Иуда взглянул на него и заметил румянец гордости, разлившийся на его высокомерном лице.

– Что касается до меня, то свет еще не весь покорен. На морях есть острова, на которые еще и не наступала человеческая нога. На севере народы еще не посещены нами. Остается еще довершить поход Александра на далекий Восток. Видите ли, какие перспективы представляются римлянину!

И затем продолжал он, растягивая снова слова:

– Поход в Африку, затем – в Скифию, – а там легион! Многие там заканчивают свою карьеру, но я на этом не помирюсь. Клянусь Юпитером, вот блестящая мысль! – Сменяю легион на префектуру. Представьте себе жить в Риме с деньгами, – круглый год деньги, – вино, женщины, удовольствия: пиры с поэтами, интриги при дворе, игры в кости. Такую жизнь можно только устроить себе при помощи богатой префектуры, и ее-то я и добьюсь. О, мой Иуда! Здесь Сирия. Иудея богата, Антиохия – столица богов. Я наследую Цирению, – а вы разделите мое счастье.

Софисты и учителя риторики, дававшие тон общественному мнению Рима и почти всецело монополизировавшие дело воспитания патрицианской молодежи, может быть, отнеслись бы с одобрением к сказанному Мессалой, потому что все это было в их духе; но для юного еврея все это было ново, не похоже на привычные торжественные разговоры и рассуждения. К тому же он принадлежал к племени, законы, обычаи, приемы мышления которого воспрещали юмор и сатиру; поэтому очень естественно, что, слушая друга, его взволновали самые разнообразные чувства: то он негодовал, то не знал, как отнестись к слышанному. Надменный тон вначале оскорблял его, затем, все более раздражая, причинял наконец жгучую боль. Такое чувство обыкновенно разрешается гневом, и последний был вызван Мессалой другим путем. У евреев времен Ирода патриотизм был дикой страстью, едва скрываемой под маской добродушия; он был так неразлучно слит с их историей, религией и Богом, что вспыхивал при малейшей насмешке над ними самими. Поэтому не преувеличивая можно сказать, что слова Мессалы вплоть до последнего перерыва имели действие на слушателя подобно изысканнейшей пытке. Когда он наконец остановился, Иуда с принужденной улыбкой сказал:

– Я слышал, что немногие способны издеваться над своей судьбой; и вы, о мой Мессала, убедили меня, что я не принадлежу к числу таких людей.

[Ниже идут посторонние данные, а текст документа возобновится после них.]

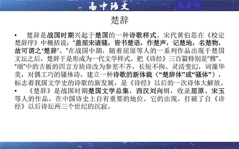 楚辞是战国时期兴起于楚国的一种诗歌样式。宋代黄伯思在《校定楚辞序》中概括说:“盖屈宋诸骚,皆书楚语,作楚声,记楚地,名楚物,故可谓之‘楚辞’。”在战国中期,随着屈原等人的一系列作品出现于楚国文坛之后,楚辞于是形成为一代文学样式。把《诗经》三百篇特别是“雅”、“颂”中的古板的四言方块诗改为参差不齐,长短不拘、灵活变幻,词藻华美,对偶工巧的骚体诗,建立一种诗歌的新体裁(“楚辞体”或“骚体”),标志着我国文学史的诗歌的新发展,是《诗经》以后的一次诗体大解放。《楚辞》是战国时期楚国文学总集,西汉刘向辑,收录屈原、宋玉等人的作品。在中国诗史上自有重要的地位。它的出现,打破了自《诗经》以后诗坛两三个世纪的沉寂。

Римлянин, внимательно взглянув на него, возразил:

– Почему бы истине не заключаться и в шутке, как и в притче? Великая Фульвия отправилась однажды на рыбную ловлю и наловила больше всех. Ей объяснили это тем, что кончик ее крючка был вызолочен.

– Так вы не шутили?

– Я вижу, мой Иуда, что слишком мало предложил вам! – быстро прервал римлянин, причем глаза его сверкали. – Когда я буду префектом и Иудея обогатит меня, я сделаю вас первосвященником.

Еврей гневно отвернулся.

– Не покидайте меня, – сказал Мессала.

Тот в нерешительности остановился.

– О боги, Иуда, как сильно печет солнце! – вскричал патриций, замечая его нерешительность.

Иуда холодно отвечал:

– Нам лучше расстаться. Я сожалею, что пришел. Я рассчитывал встретить друга, а нахожу…

– Римлянина! – быстро добавил Мессала.

Кулаки еврея сжались, но, сдержав себя снова, он отвернулся и пошел. Мессала встал, взял со скамьи свой плащ, набросил его себе на плечо и последовал за Иудой. Поравнявшись с ним, он положил ему руку на плечо и пошел рядом.

– Вот дорожка, по которой мы гуляли детьми, обнявшись, как теперь. Дойдемте же так до ворот.

Мессала, очевидно, старался быть серьезным и ласковым, хотя не мог отделаться от привычного насмешливого тона. Иуда не протестовал против фамильярности.

– Вы мальчик, а я уже муж, позвольте же мне говорить вам, как подобает мужу.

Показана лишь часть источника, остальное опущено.